John Moehrke (Dec 11 2018 at 00:02):
I was approaching it a different way... since cardionality is 1..1, there is little added value of mustSupport. This cardiolnality was a change in R4 from prior ImagingStudy models... I was just looking to help get @Rob Hausam through being able to build his IG. I was just offering a hack that might have minimal negative impact. I agree that mustSupport is defined in that IG however that IG wants, and thus it is very possible that the flag is needed in this case.
Lloyd McKenzie (Dec 11 2018 at 01:37):
There's significant added value. 1..1 says what will be present on the wire. mustSupport says what you actually need to do something useful with.
Lloyd McKenzie (Dec 11 2018 at 01:37):
1..1 doesn't imply you need to pay attention to it.
Richard Townley-O'Neill (Dec 11 2018 at 02:02):
I think of 1..1 as implying "must write" but not "must read".
Lloyd McKenzie (Dec 11 2018 at 02:19):
It's a "must write" but it's not even a "must write usefully". You can satisfy a 1..1 by sending a fixed value (or even an extension saying something like "not applicable") without exposing the element to a user or giving them a chance to provide a meaningful value.
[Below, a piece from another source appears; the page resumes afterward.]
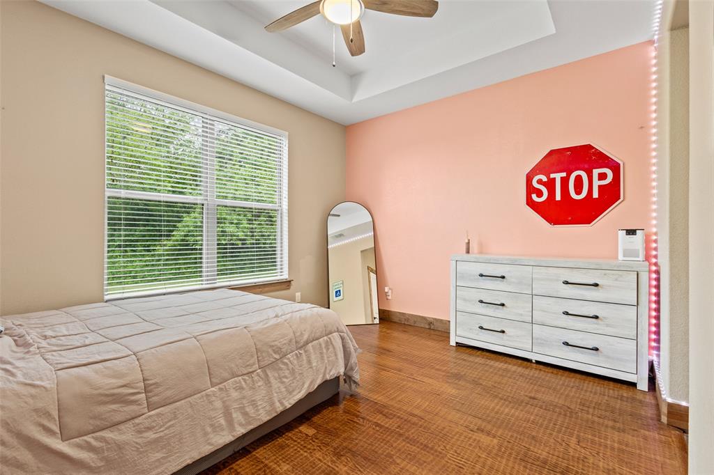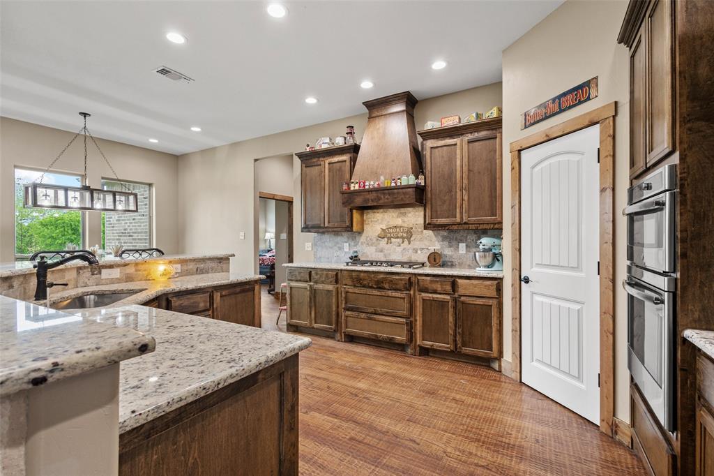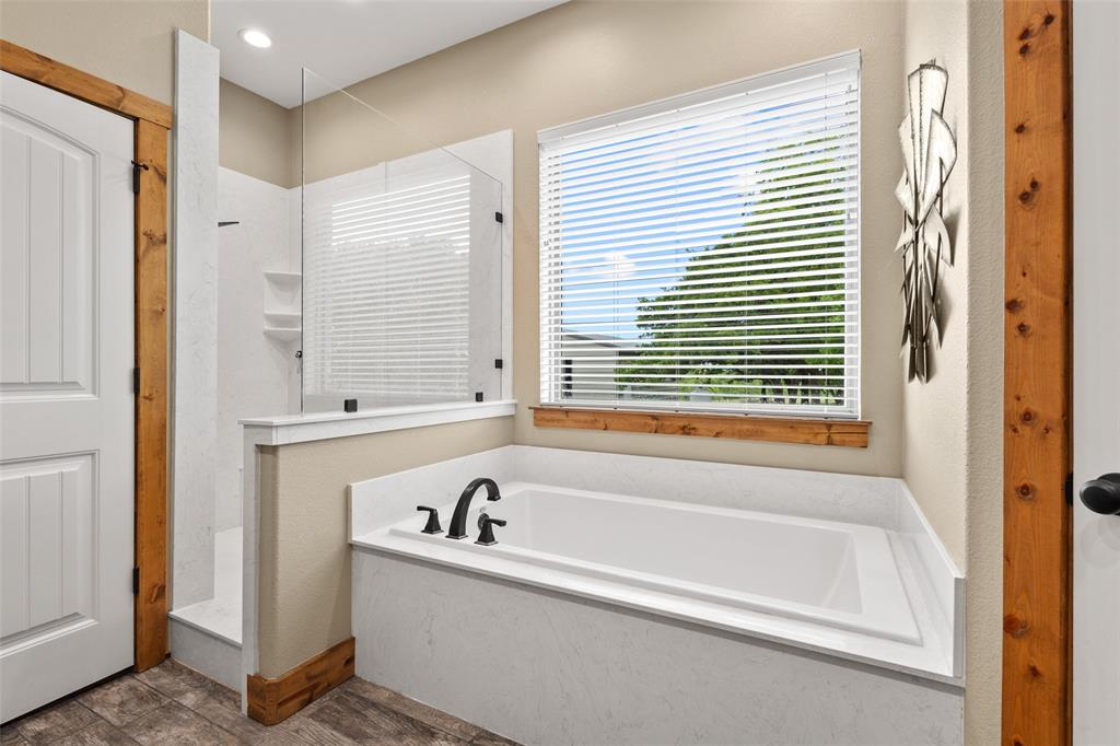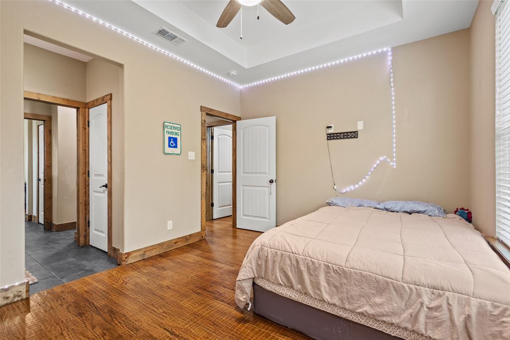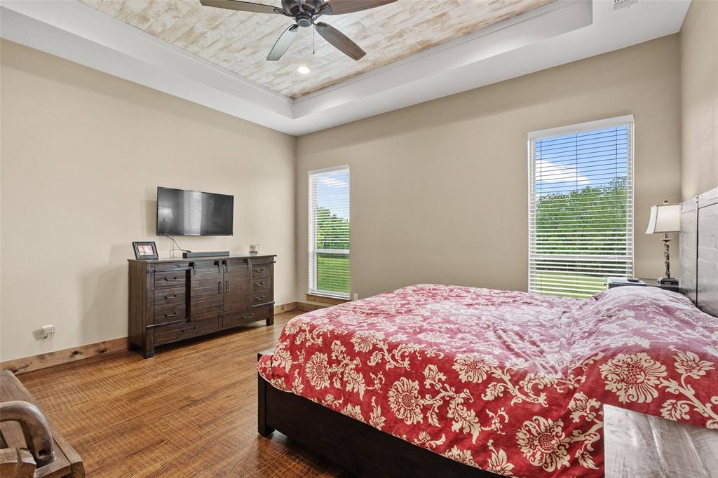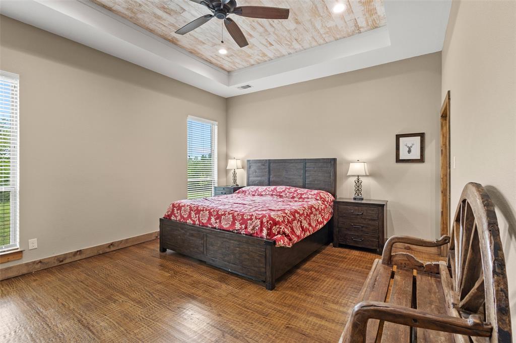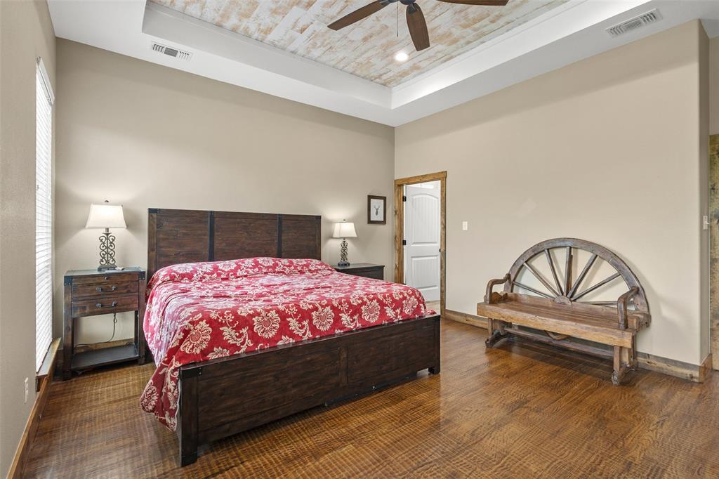 Inside, you'll find rich hand-scraped wood floors, elegant tray ceilings in the master suite, and a seamless connection from the master closet straight into the laundry room for unmatched convenience. The cozy living room features a propane fireplace, while an additional fireplace on the back patio creates the perfect outdoor gathering spot year-round.

On the other hand, if it's marked as mustSupport and mustSupport indicates that user entry must be allowed, that's a much tighter set of expectations.
John Moehrke (Dec 11 2018 at 13:42):
mustSupport means nothing... it is given meaning in that Implementation Guide... so you can't make any statements about what mustSupport means until you indicate which IG is providing the rule for the tag. http://build.fhir.org/conformance-rules.html#mustSupport
Lloyd McKenzie (Dec 11 2018 at 15:48):
It always means something. The specific meaning is variable. The point is that 1..1 mustSupport=false and 1..1 mustSupport=true can drive very different implementation expectations.